◆ **TASK TO COMPLETE**
An exact copy of every record is needed, with all pictures omitted.

◆ **MATERIAL SHOWN**

:::::

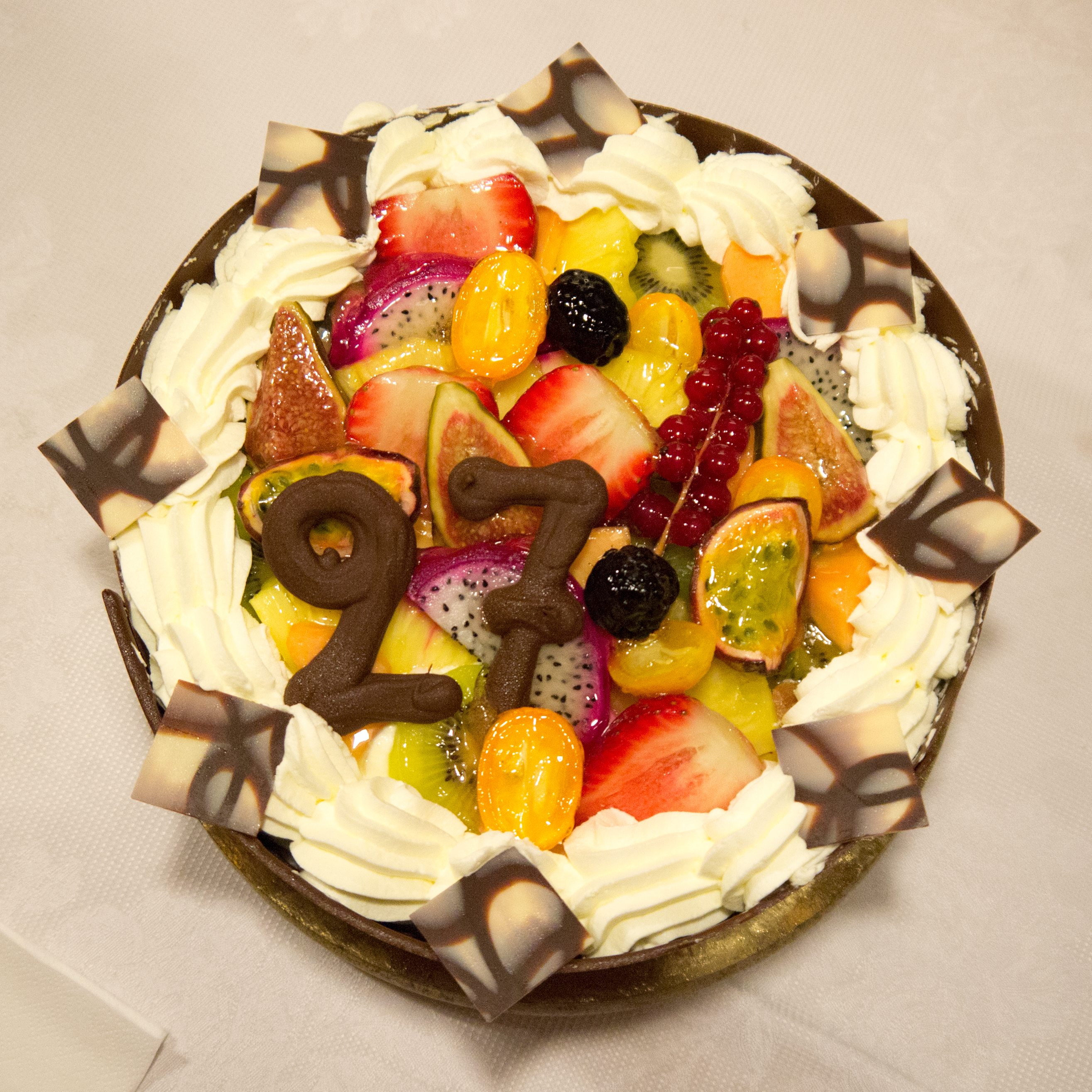 Mixed fruit birthday cake with 72 years old sign
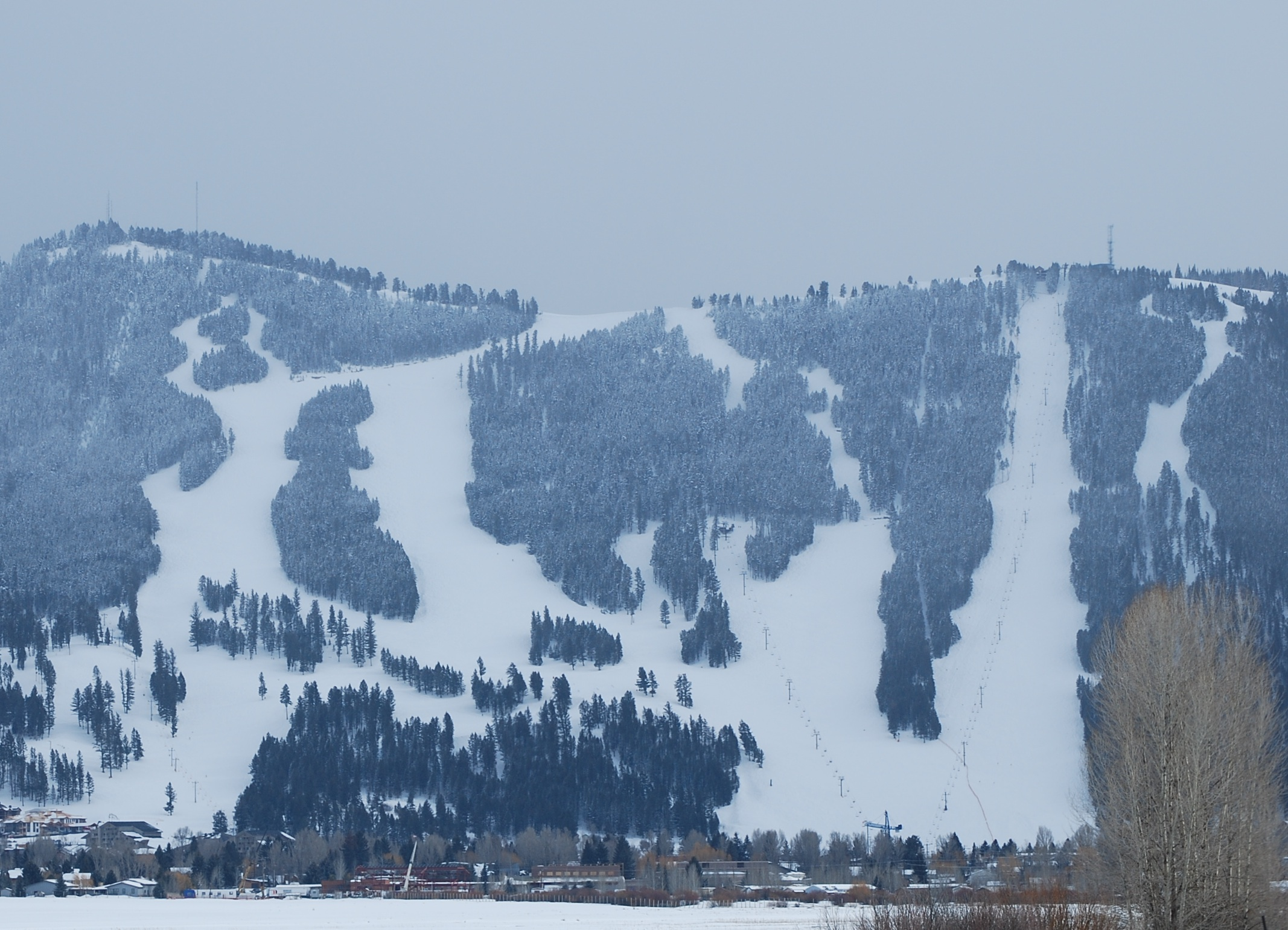 A view of Snow King from the north, with Jackson, WY in the foreground.
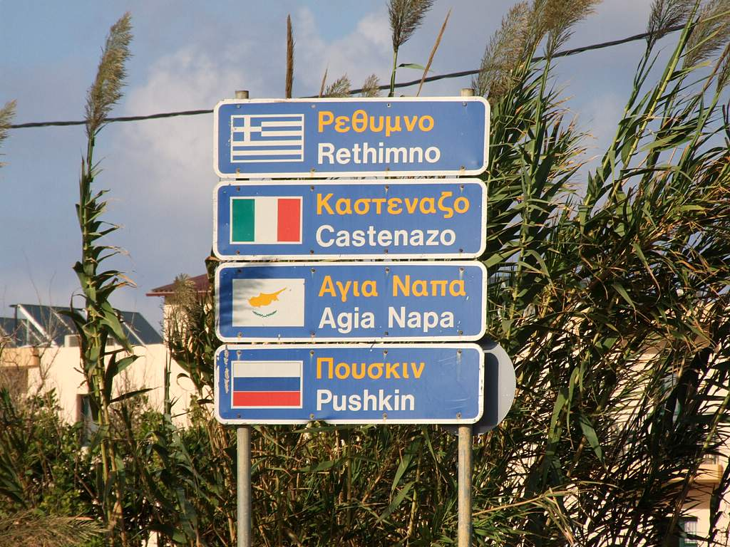 Plates of Rethymno’s twin cities
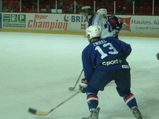 Jonathan Zwikel, ice hockey player with team France. Olympic qualification in Briançon, France, november 2004.
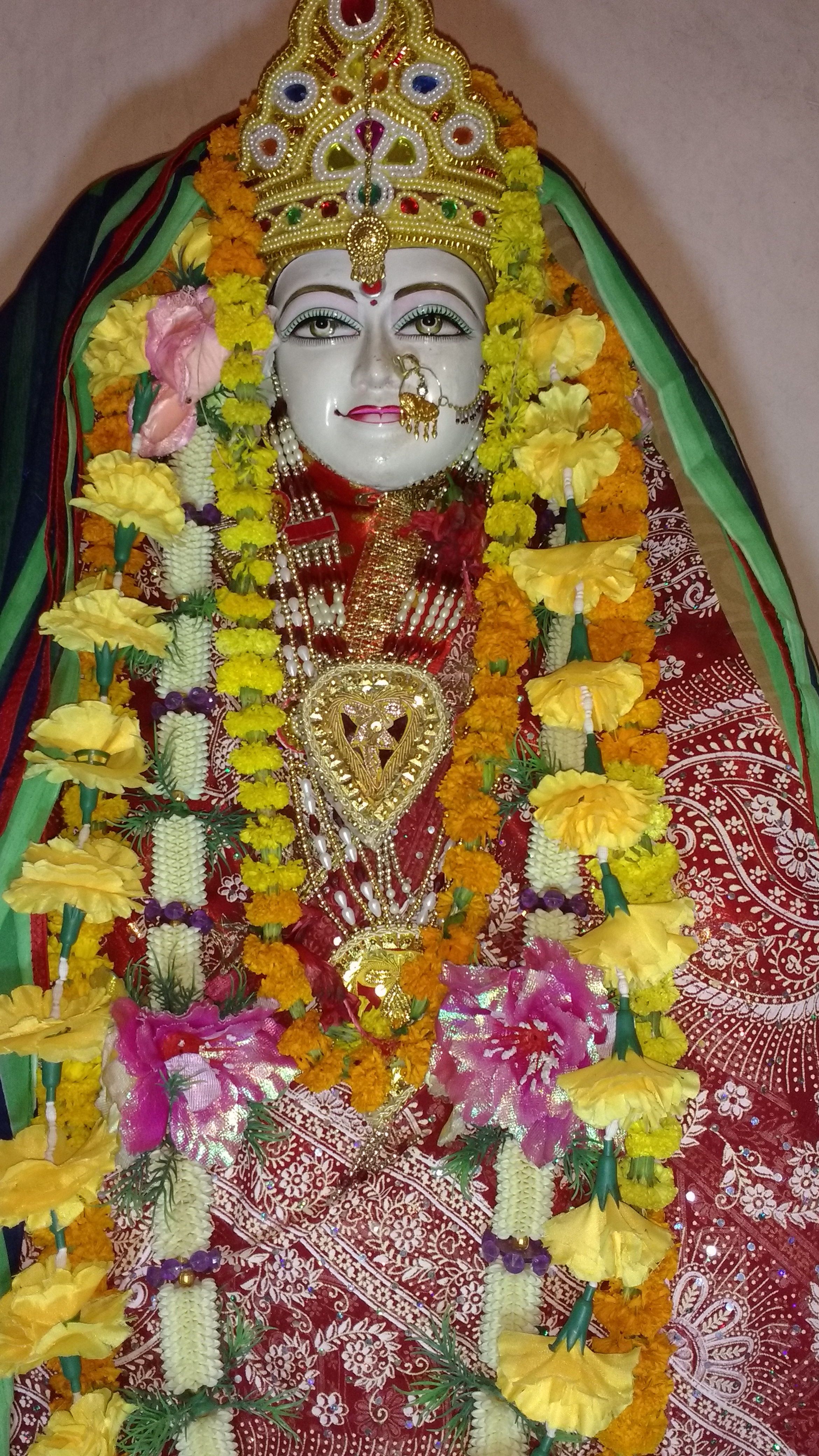 This temple built by Pt. Kailashnath R. Dubey, leaves in Makara goan located at near tilochan mahadev teple, Jaunpur.
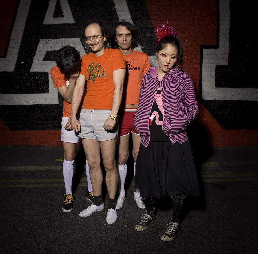 Agaskodo Teliverek Photoshoot, april 2008
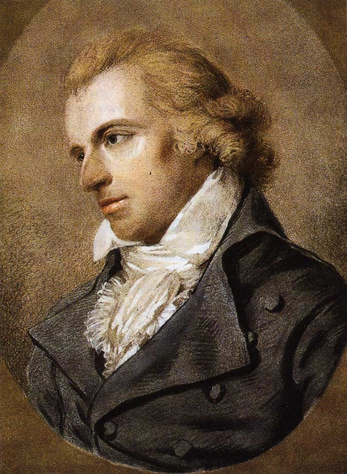 Friedrich Schiller (1759–1805), German poet, philosopher, historian, and playwright in 1793 or 1794
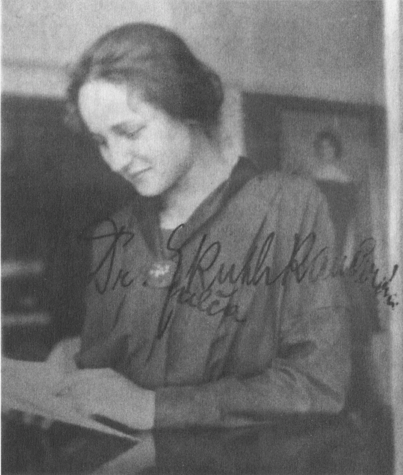 Saly Ruth Ramler (* 1894 – 1993), also known as Saly Ruth Struik, was the first woman to receive a mathematics PhD from the German University in Prague, now known as Charles University. Her 1919 dissertation, on the axioms of affine geometry, was supervised by Gerhard Kowalewski and Georg Alexander Pick. She married the Dutch mathematician and historian of mathematics Dirk Jan Struik in 1923. Between 1924 and 1926, the pair traveled Europe and met many prominent mathematicians, using Dirk Struik's Rockefeller fellowship. In 1926, they emigrated to the United States, and Dirk Struik accepted a position at Massachusetts Institute of Technology (MIT).
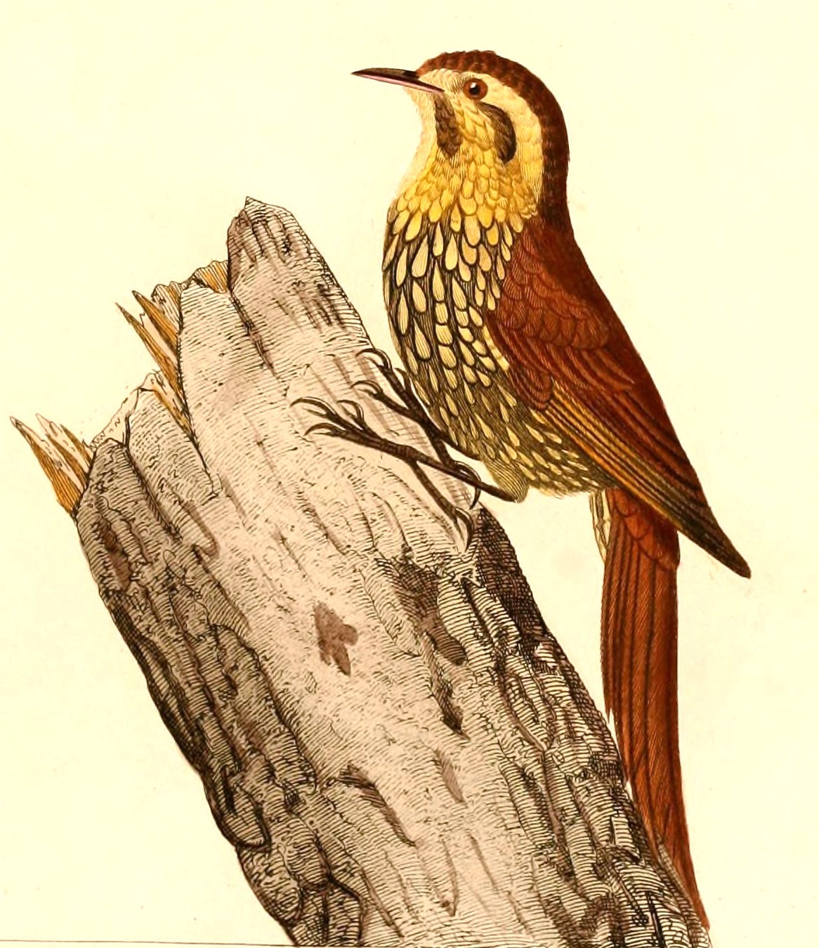 « Anabates squammiger » = Margarornis squamiger (Pearled Treerunner)
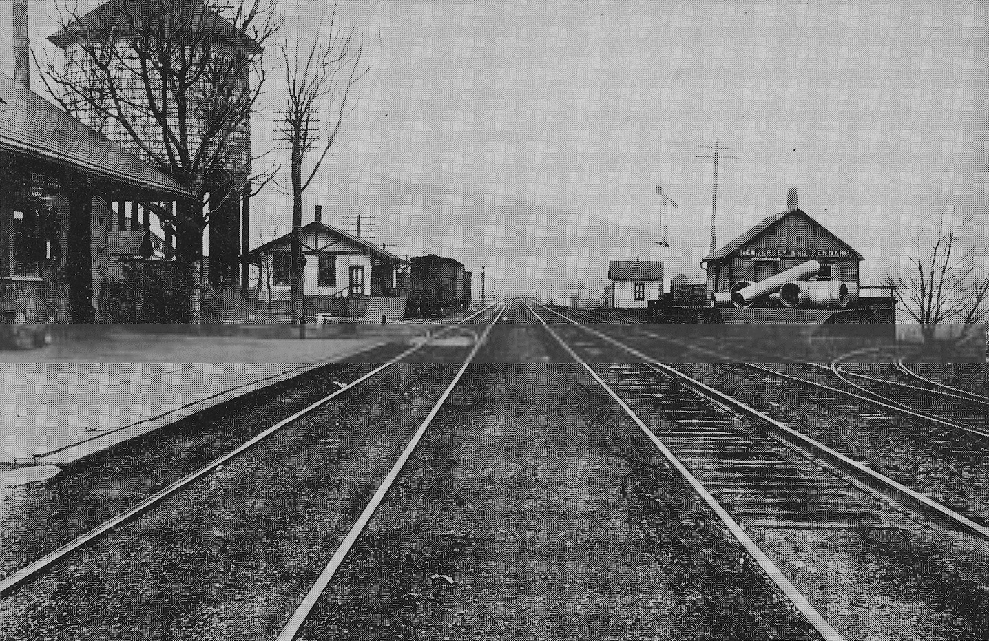 Central Railroad of New Jersey Railroad and New Jersey and Pennsylvania Railroad (Rockaway Valley Railroad) train stations at Whitehouse, New Jersey
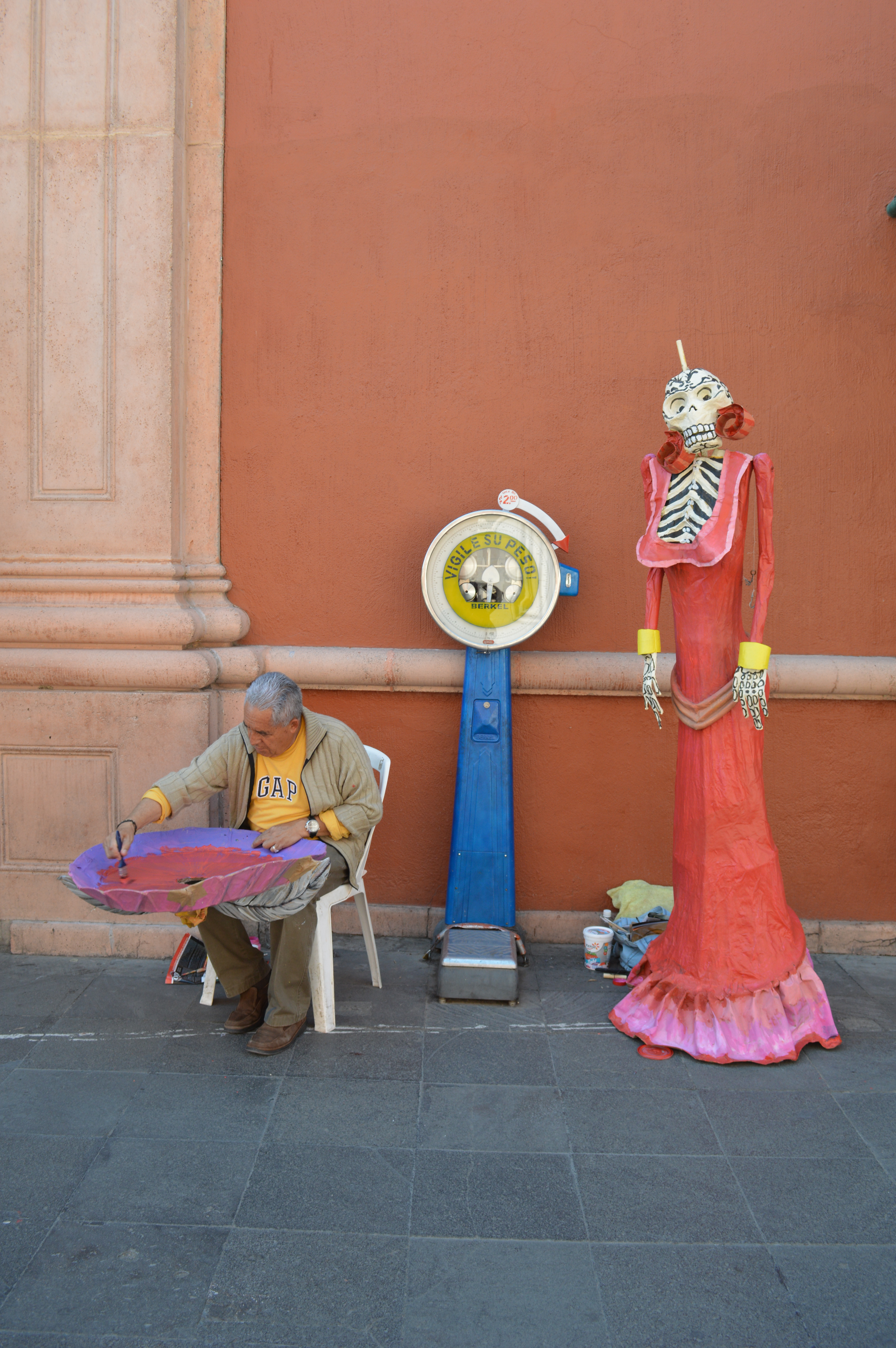 Catrina image in progress for the upcoming Festival de Calaveras 2015 on 5 de mayo, southside of the main plaza of the city of Aguascalientes, Mexico

:::::

◆ **THE ANSWER**
 Mixed fruit birthday cake with 72 years old sign
 A view of Snow King from the north, with Jackson, WY in the foreground.
 Plates of Rethymno’s twin cities
 Jonathan Zwikel, ice hockey player with team France. Olympic qualification in Briançon, France, november 2004.
 This temple built by Pt. Kailashnath R. Dubey, leaves in Makara goan located at near tilochan mahadev teple, Jaunpur.
 Agaskodo Teliverek Photoshoot, april 2008
 Friedrich Schiller (1759–1805), German poet, philosopher, historian, and playwright in 1793 or 1794
 Saly Ruth Ramler (* 1894 – 1993), also known as Saly Ruth Struik, was the first woman to receive a mathematics PhD from the German University in Prague, now known as Charles University. Her 1919 dissertation, on the axioms of affine geometry, was supervised by Gerhard Kowalewski and Georg Alexander Pick. She married the Dutch mathematician and historian of mathematics Dirk Jan Struik in 1923. Between 1924 and 1926, the pair traveled Europe and met many prominent mathematicians, using Dirk Struik's Rockefeller fellowship. In 1926, they emigrated to the United States, and Dirk Struik accepted a position at Massachusetts Institute of Technology (MIT).
 « Anabates squammiger » = Margarornis squamiger (Pearled Treerunner)
 Central Railroad of New Jersey Railroad and New Jersey and Pennsylvania Railroad (Rockaway Valley Railroad) train stations at Whitehouse, New Jersey
 Catrina image in progress for the upcoming Festival de Calaveras 2015 on 5 de mayo, southside of the main plaza of the city of Aguascalientes, Mexico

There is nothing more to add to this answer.